As usual, this is a problem harder than it sounds, since numbers meant for computers (e.g. stored in a file) are different than numbers to be shown on screen. And when it comes to separators, different regions have different requirements (not just . vs , there's also other symbols, or how many digits to group, or how to show the sign, or even which characters are to be used for digits, etc.). And that's ignoring stuff like padding and such, or the fact your program may be using a different language than the system's (e.g. because it wasn't translated into it yet), so you may need to explicitly set the formatting locale.
All this really should just be part of a formatting string.
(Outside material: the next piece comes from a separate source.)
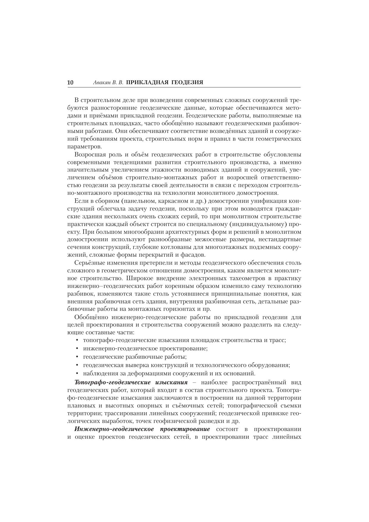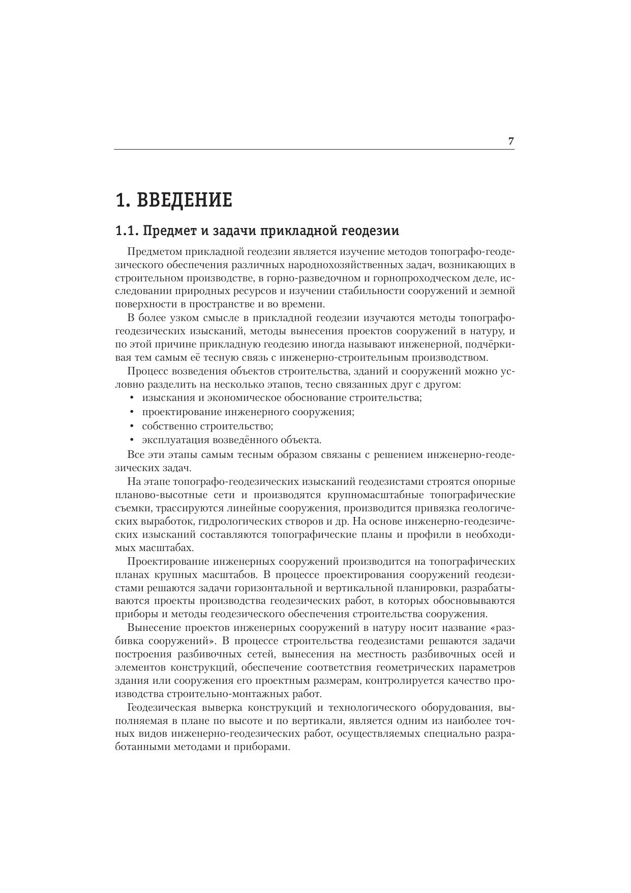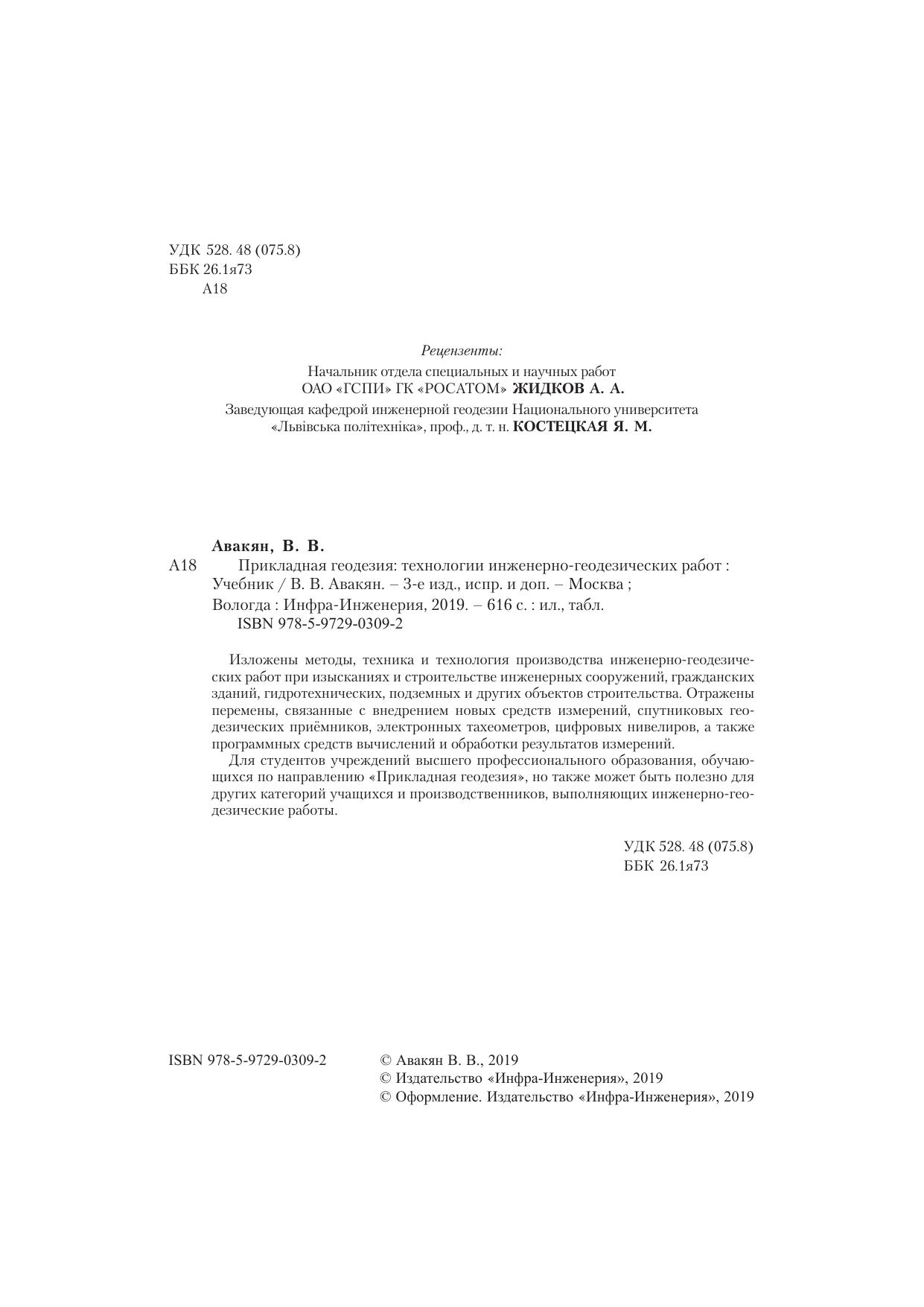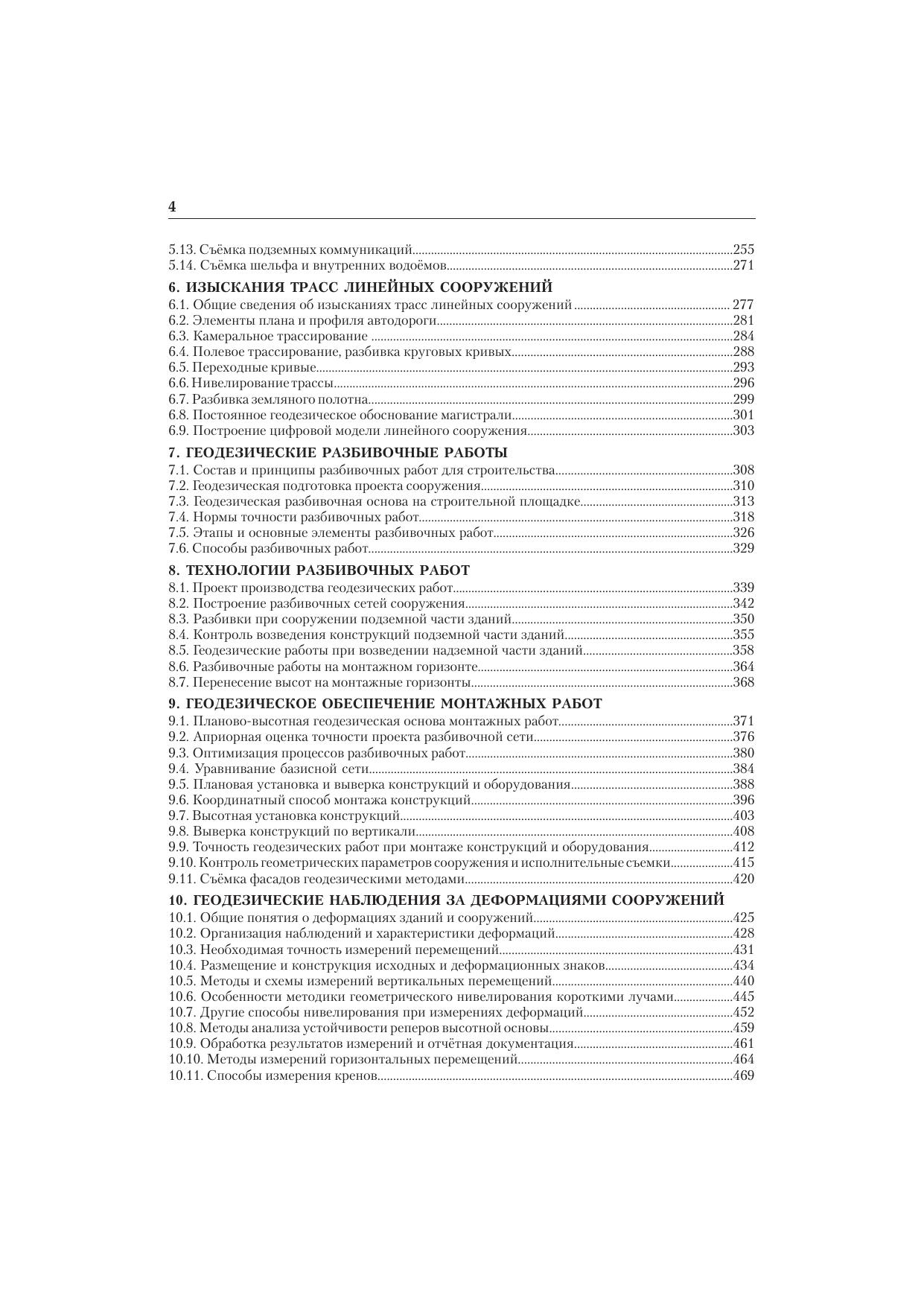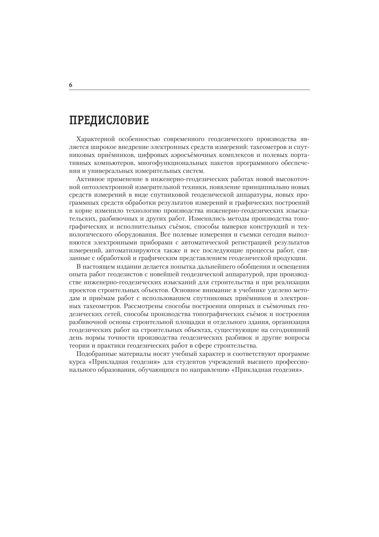 Изложены методы, техника и технология производства инженерно-геодезических работ при изысканиях и строительстве инженерных сооружений, гражданских зданий, гидротехнических, подземных и других объектов строительства. Отражены перемены, связанные с внедрением новых средств измерений, спутниковых геодезических приёмников, электронных тахеометров, цифровых нивелиров, а также программных средств вычислений и обработки результатов измерений.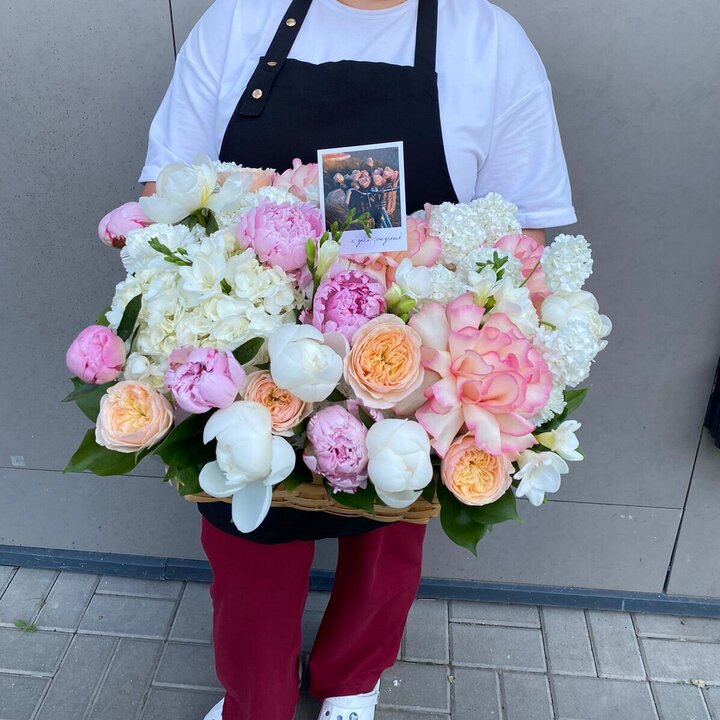 Состав букета: Пион, Гортензия, Вывернутая роза

...incidentally, the standard C library
already handles all this (look up the locale stuff, most of the lconv structure is dedicated to number formatting in fact). It's just that nobody bothers to use it.
Brendan wrote:
It's relatively easy to split a number into groups using "number % 1000" and "number / 1000";
Eh, depends on how long is the number, I suppose that for your average number is OK, but if the number is huge then it may be better to just count characters as you generate the string. Either one works, I guess (use whichever is easier for the case).
MichaelFarthing wrote:
That's rich coming from a representative of a community that has added to that initial ambiguity by adopting yet another symbol for multiplication (*)
Blame ASCII for that. And many early programming language
did use either × or · instead.
Kind of wishing some of the ASCII control codes were just more glyphs. Turning FS/GS/RS/US into ↑↓←→ would have been great (and we could be using ← instead of = for assignment, yes I know other languages use := but it looks awkward).